このヘルヴァなるお菓子ですが、実は、練り菓子のヘルヴァと、タヒン(胡麻)・ヘルヴァスという熱を加えずに、胡麻で作ったものの2種類があります。今回は、練り菓子のヘルヴァを取り上げたいと思います。
イルミック・ヘルヴァス(セムリナ粉のヘルヴァ) |
しかし現在では、「甘い」という言葉は、トルコ語起源の「タトル」 (tatlı)が使われています。お菓子職人のことも「タトルジュ」と呼ばれています。(ケーキ類を作る、イタリア語起源のパスタジュもありますが…)
「ヘルヴァ」を日本語の辞書でひくと、「とても甘い菓子(小麦粉、油、砂糖などを固めたもの)」、トルコ語の辞書でひくと「砂糖、油、小麦粉またはイルミック(セムリナ粉)で作られたデザート」と書かれています。そして「「ヘルヴァジ」は、「ヘルヴァを作る人、または売る人」と書かれています。
ヘルヴァから派生した「ヘルヴァハネ」という言葉は、オスマン時代、トプカプ宮殿でデザートを作っていた場所をさします。

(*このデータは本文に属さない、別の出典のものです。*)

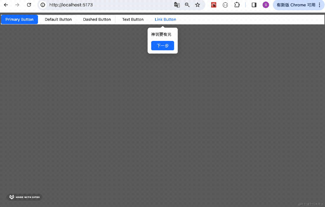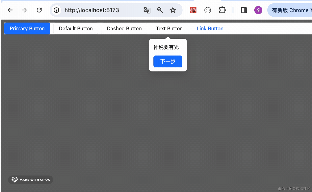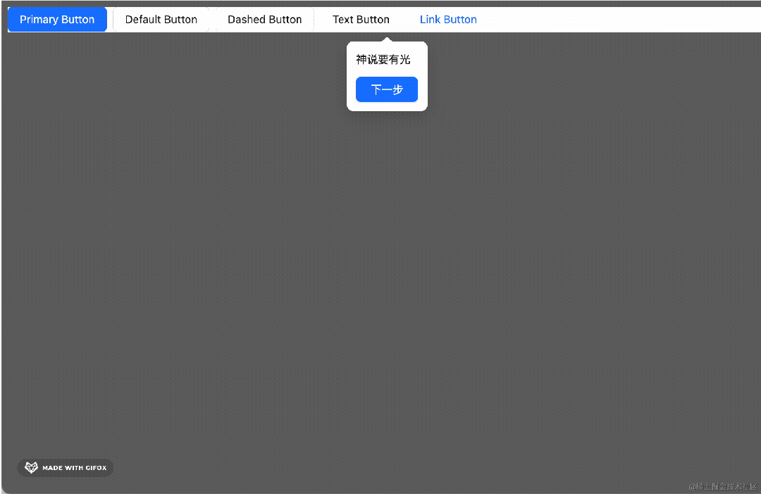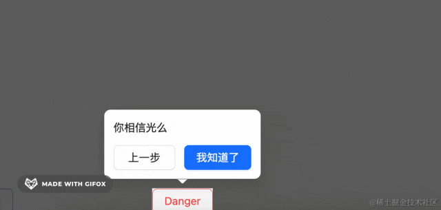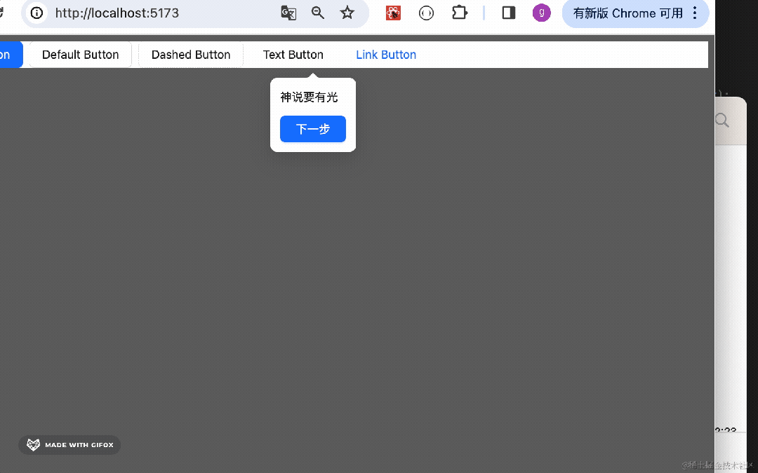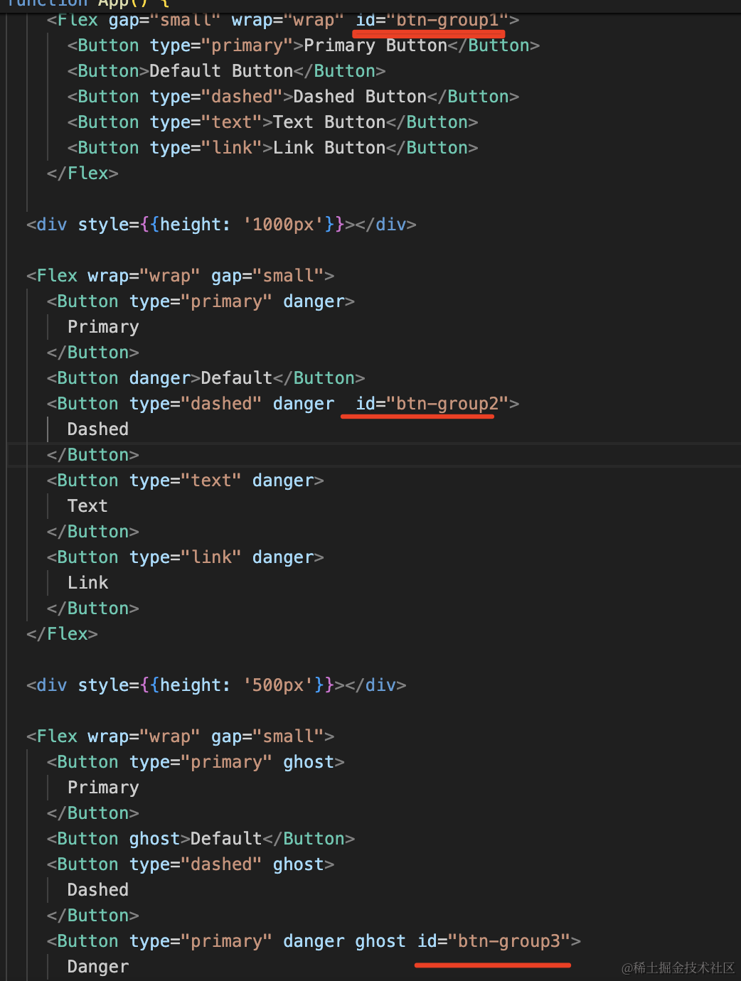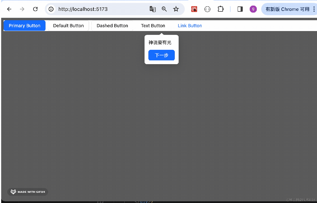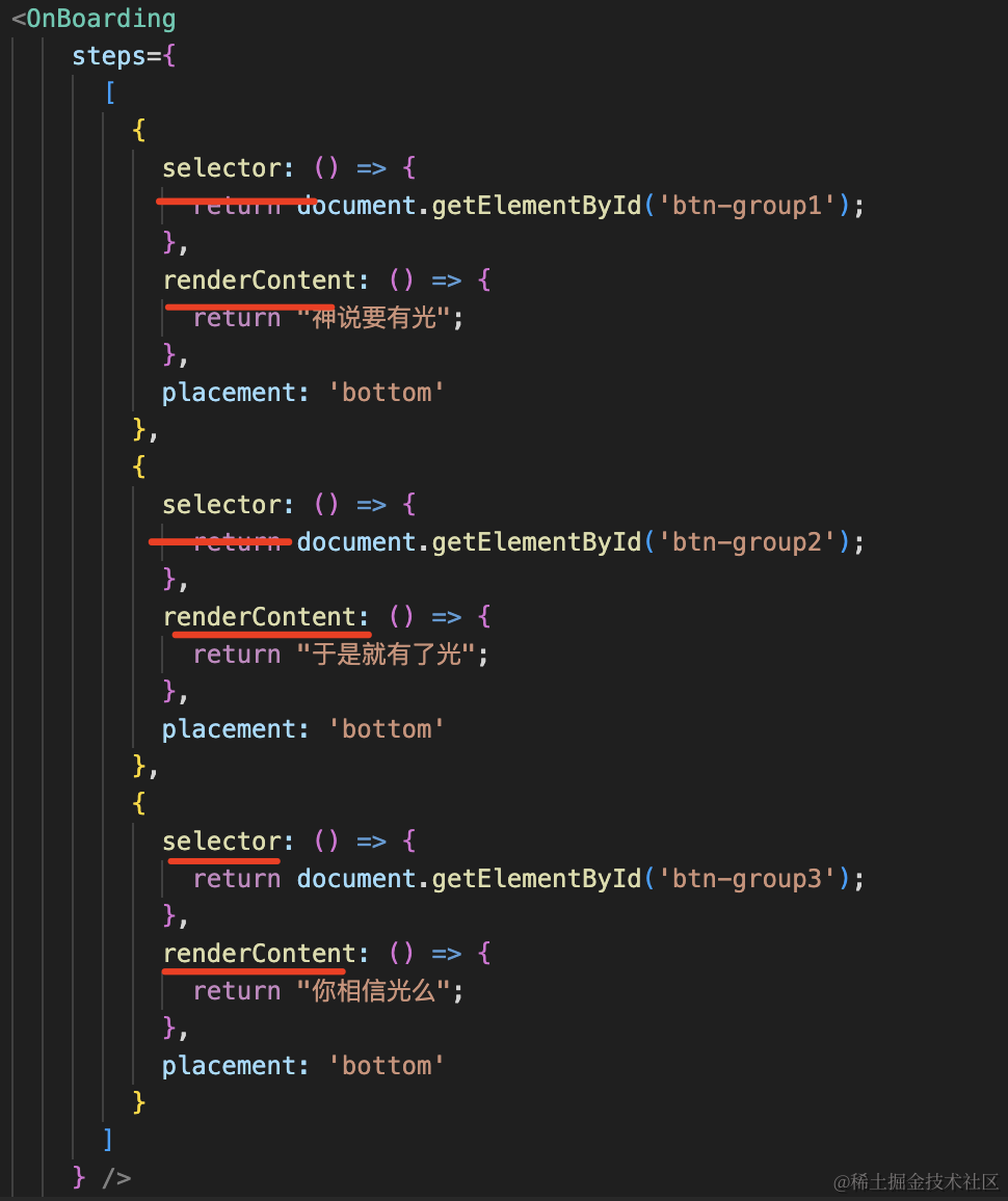 import { OnBoarding } from './OnBoarding'import { Button, Flex } from 'antd';function App() { return <div class>Link Button</Button> </Flex> <div style={{height: '1000px'}}></div> <Flex wrap="wrap" gap="small"> <Button type="primary" danger> Primary </Button> <Button danger>Default</Button> <Button type="dashed" danger id="btn-group2"> Dashed </Button> <Button type="text" danger> Text </Button> <Button type="link" danger> Link </Button> </Flex> <div style={{height: '500px'}}></div> <Flex wrap="wrap" gap="small"> <Button type="primary" ghost> Primary </Button> <Button ghost>Default</Button> <Button type="dashed" ghost> Dashed </Button> <Button type="primary" danger ghost id="btn-group3"> Danger </Button> </Flex> <OnBoarding steps={ [ { selector: () => { return document.getElementById('btn-group1'); }, renderContent: () => { return "神说要有光"; }, placement: 'bottom' }, { selector: () => { return document.getElementById('btn-group2'); }, renderContent: () => { return "于是就有了光"; }, placement: 'bottom' }, { selector: () => { return document.getElementById('btn-group3'); }, renderContent: () => { return "你相信光么"; }, placement: 'bottom' } ] } /> </div>}export default App我用 id 选中了三个元素:

もう一つは、ヘルヴァを作る時に使われる、広くて少し深めの鍋を意味します。ヘルヴァを加熱して調理している時に、鍋底から側面にかけて練りやすいカーブになっているのが特徴的な銅製の鍋だそうです。(Yunus Emre Akkor 'Osmanlu Mutfağı〜Gelenekten Evrensel〜)

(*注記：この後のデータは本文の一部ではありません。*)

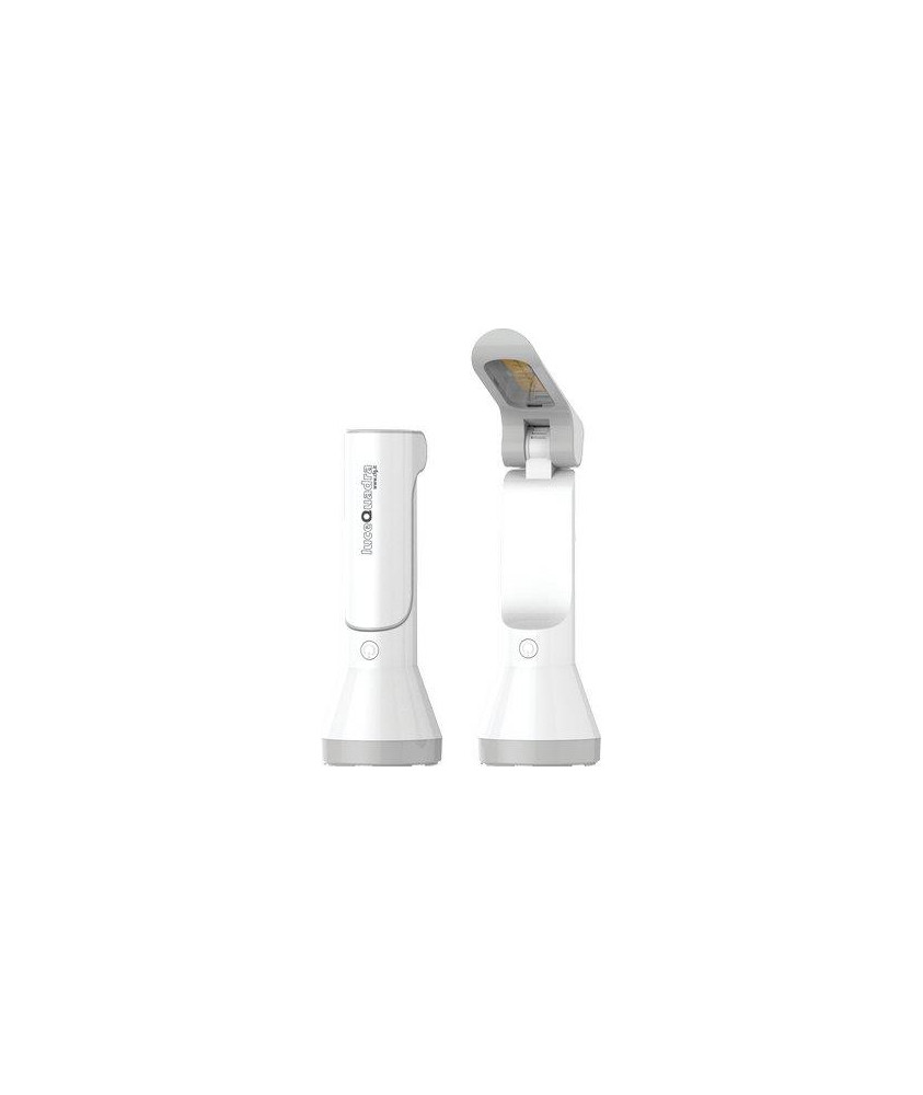 In ABS. Ricaricabile con batteria al litio da Volt 3,7 Mah 1200. Doppia fonte luminosa: 1 led centrale Watt 3 e 14 led a scomparsa Watt 0,1 SMD 2835....
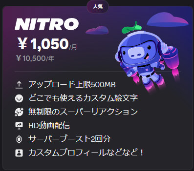 つまり、Discordを「毎日使う環境」として捉えているなら、1000円は十分に見合う金額です。
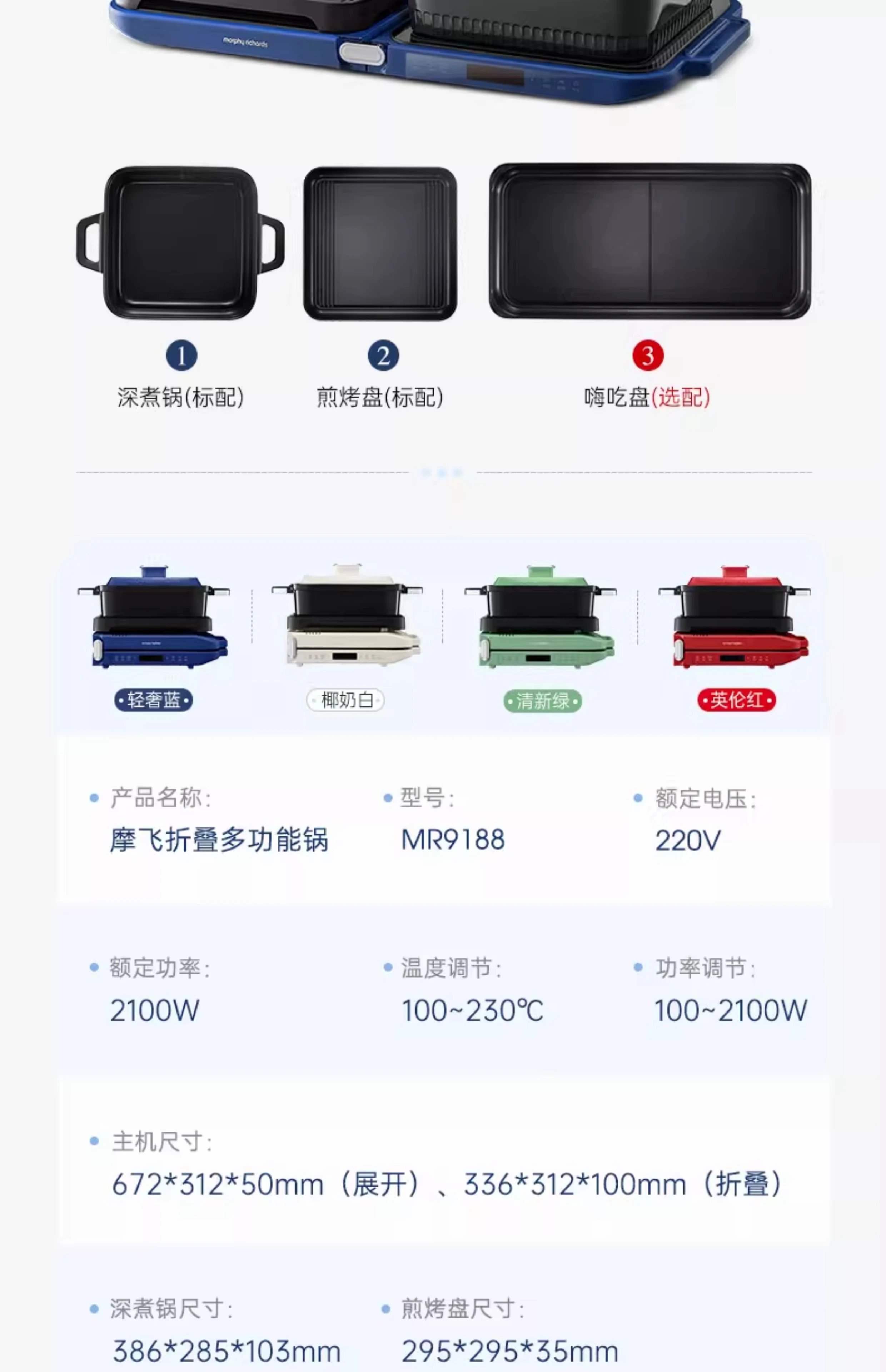 名称:摩飞第三代蒸煮煎烤折叠锅 发货地:广东 产地:广东 生产日期:2025 保质期:2年 快递:顺丰,中通及其他快递 不发西藏,海外,港澳台不发 保修期:2年 售后:如出现异常情况,请带面单+产品拍照+产品包装照片与我们联系,我们会第一时间处理,如产品有质量问题可在收货24小时之内,联系客服进行售后或者补发
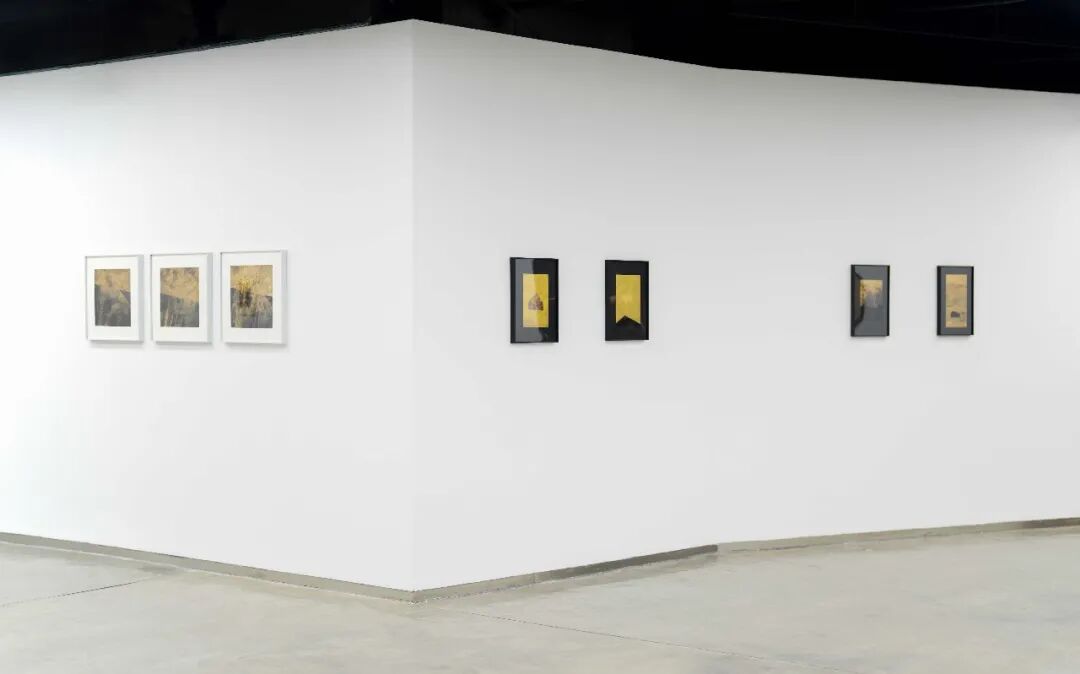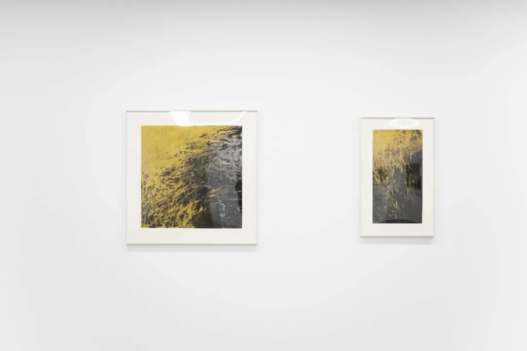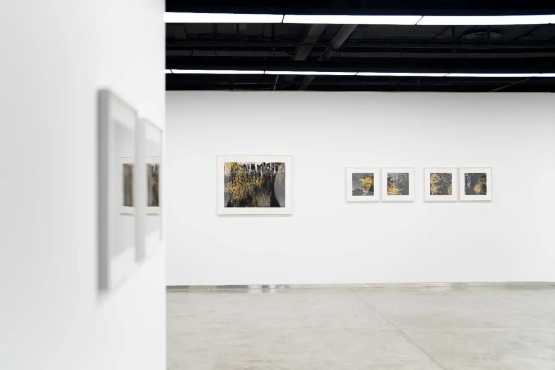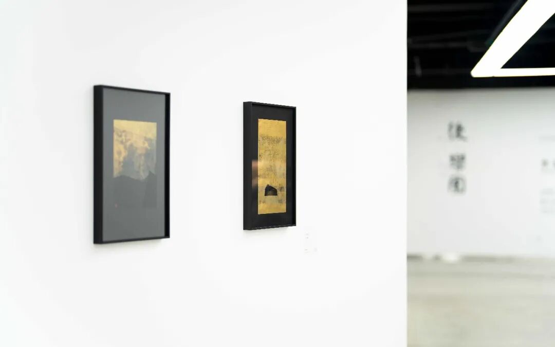 “使用了压、印、拓、染等诸多形式,也使用‘综合媒材’的方式以‘控制墨色与金色的交融’来制造肌理。同时我还使用了不同种类的墨汁与金色颜料,用上加工处理的宣纸,形成各种带有纹路的基底,再应用类似传统绘画中‘裱褙’的装裱手法进行创作。”

実は、このヘルヴァというお菓子は、イスラム社会にとって、多様な意味を持つシンボルとしていろいろな場所に登場します。社会的なコミュニケーションの手段や、善行を積むためにアッラーの神に捧げるものなのです。
ある時は、願掛けのために作られます。例えば、村に雨が降らず、雨乞いの祈りをした後、大昔から続いているように、特別に作られたヘルヴァを村人全員で食べたそうです。
ヘルヴァは、またある時には、感謝やお祝いのシンボルです。春になり、羊の毛の刈り込みが終った後のお祝いに、ヘルヴァは欠かせません。

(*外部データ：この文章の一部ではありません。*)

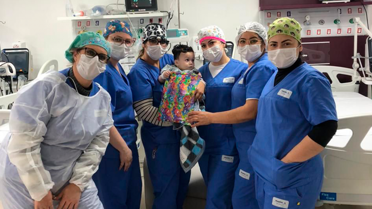 O pequeno Ravi Lucca Pacheco de Almeida nasceu no pronto socorro do Hospital Dom Joaquim de parto normal com 31 semanas e 4 dias, foi atendido e encaminhado para UTI Pediátrica onde segue internado em ganho de peso. Segundo a mãe Maria Eduarda Querino de Almeida, Ravi chegou num momento muito inesperado e o cuidado no hospital está sendo fundamental para o desenvolvimento dele. “Estou registrando todos os momentos porque foi tudo muito inesperado, e está sendo maravilhoso o atendimento aqui. Todo o carinho que a equipe tem por ele, todos os procedimentos que fizeram para o Ravi estar como ele está agora está sendo incrível. Eu só tenho a agradecer todo o tempo, a dedicação a ele para poder sair daqui bem saudável. Só tenho a agradecer por esses 30 dias por tudo que fizeram pelo Ravi”, disse Maria Eduarda, que é moradora de Sombrio.
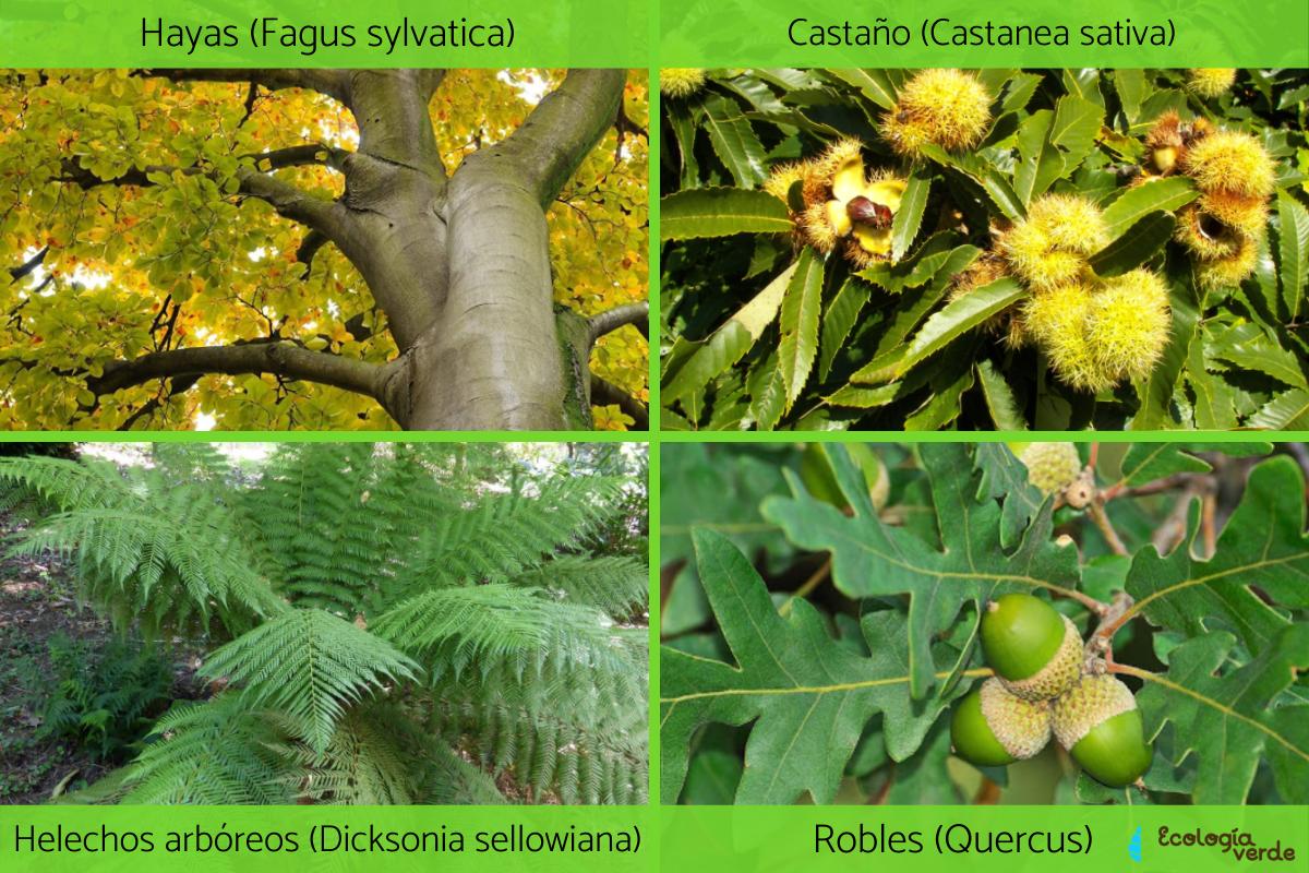 - Bosques templados húmedos: se encuentran a una altitud media, y reciben grandes cantidades de agua procedente de las precipitaciones.

集まって一緒に食べるヘルヴァは、和解のお祝いとしての意味もあります。諍いや仲違いのしこりを氷解するために、作られたヘルヴァの周りを囲んで一緒に分け合い、喜びます。
アッラーへの感謝の意を表すために、出産、入学、卒業、割礼、兵役、婚約、結婚、死、命日などの人生の節目節目の慶弔時で食されています。
また、新居を購入した時や、メッカに巡礼に行く前や帰って来てからのお祝いのために、ご近所さんなどにヘルヴァが振るまわれます。私も、ご近所さんから、時々、ヘルヴァのお裾分けを頂いていましたが、今思えば、どんな出来事があったのかを聞いて、お祝いやお悔やみの言葉をかければよかったと思います。
祝い事だけではなく、悲しい日々のシンボルでもあります。甘いヘルヴァを食べることで、悲しみや苦しい日々の辛さが、軽くなるようにとアッラーに祈るためです。トルコ語には”Tatlı yiyelim, tatlı konuşalım”(タトル イエリム タトル コヌシャルム:直訳は甘い物を食べて、甘く話そう)という表現があります。つまり、「甘い物を食べれば、言葉も甘くなる」ということでしょう。人生の苦痛を癒すために、愛する家族の死や命日に故人を偲んでヘルヴァは作られます。
お葬式で故人の家族がヘルヴァを振る舞う。 http://www.aliseydi-sevim.com/haber _detay.asp?haberID=1085より |
反対に、お葬式の日の夜には、亡くなった家族に近しい人たちの方が、松の実入りのイルミック・ヘルヴァスを作り、ご近所さんたちに振る舞いました。これを受け取ったご近所さんたちは、亡くなった故人の冥福のために祈りを捧げます。(Artun ÜNSAL 'İstanbul'un Lezzet Tarihi)
ヘルヴァは、亡くなった家族の人たちからご近所へ、果物はご近所から亡くなった家族 へと送られます。その逆はないのでしょう。
現在でも、イスタンブルだけではなく、かなりの地域で、まだ失われていない風習の一つです。このように、小麦粉やセモリナ粉に砂糖とバターなどの油を入れて練る単純な(30分も練っていたので時間はかかりますが)ヘルヴァは、単なるお菓子ではありません。いろいろな意味を含む大切な食べ物なのです。